With regard to patient outcome, the OS of group 1 was significantly worse than that of group 2. Unfortunately, we could not identify any significant clinical/biological association with outcome in the non-relapsed groups, but among the relapsed cases, group 1 patients showed shorter OS and RFS than did group 2. Furthermore, we showed that 5q loss, 12p gain, and absence of 16p13.3 gain were correlated with worse patient outcomes in all cases and/or subsets of recurrent cases in pN0 breast cancer patients.

5q15 loss was commonly detected in group 1, and was correlated with shorter OS in all 51 cases and shorter OS and DFS in the 19 relapsed cases. Curtis et al. classified 2000 breast cancer samples into 10 integrated clusters (IntClust 10) composed mainly of a basal-like subtype that frequently exhibited 5q loss, 8q gain, 10p gain, and 12p gain [16]. These characteristic CNAs in the IntCrust 10 were partly compatible with those in the present group 1.

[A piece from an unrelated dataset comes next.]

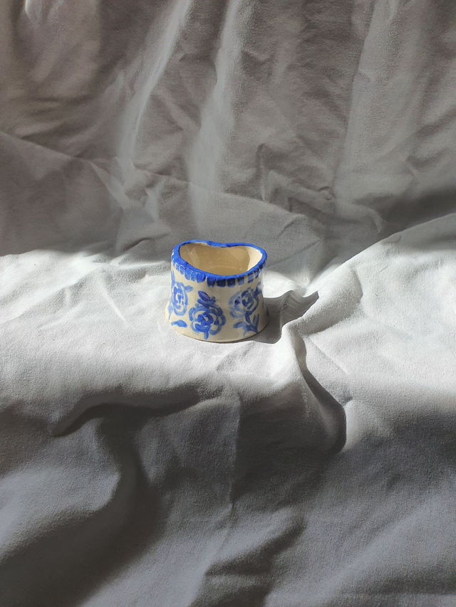 This dish is a handmade ceramic bowl that has been thrown on the wheel and then handpainted with electric blue underglaze. This dish is for decorative purposes and is ideal for keeping trinkets or as a candle holder!
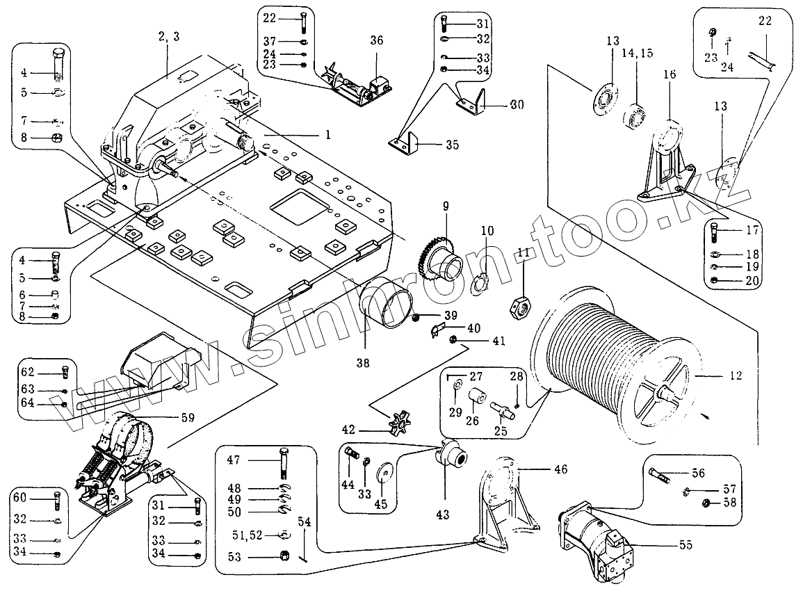 Каталог запасных частей к технике: Автокран КС-35714. Лебедка грузовая КС-35714.26.000

Curtis et al. also indicated that 5q harbored genes encoding numerous signaling molecules or transcription factors, cell division genes, and 5q deletions that can modulate the coordinate transcriptional control of genomic and chromosomal instability and cell cycle regulation within cancer cells [16].

One of target genes at the 5q15 locus was nuclear receptor subfamily 2, Group F, Member 1 (NR2F1) [28]. NR2F1 provokes a reduction in chemokine CXCL12 expression and enhancement of CXCR4 expression, and it stimulates breast cancer cell migration [29]. On the other hand, NR2F1 also functions as a dormancy gene, so suppression of this gene results in growth of ER-positive MCF-7 cells in vivo [29, 30]. Based on these observations, enhanced migration and release from the dormant state in tumor cells by the loss of NR2F1 may be associated with earlier relapse [28].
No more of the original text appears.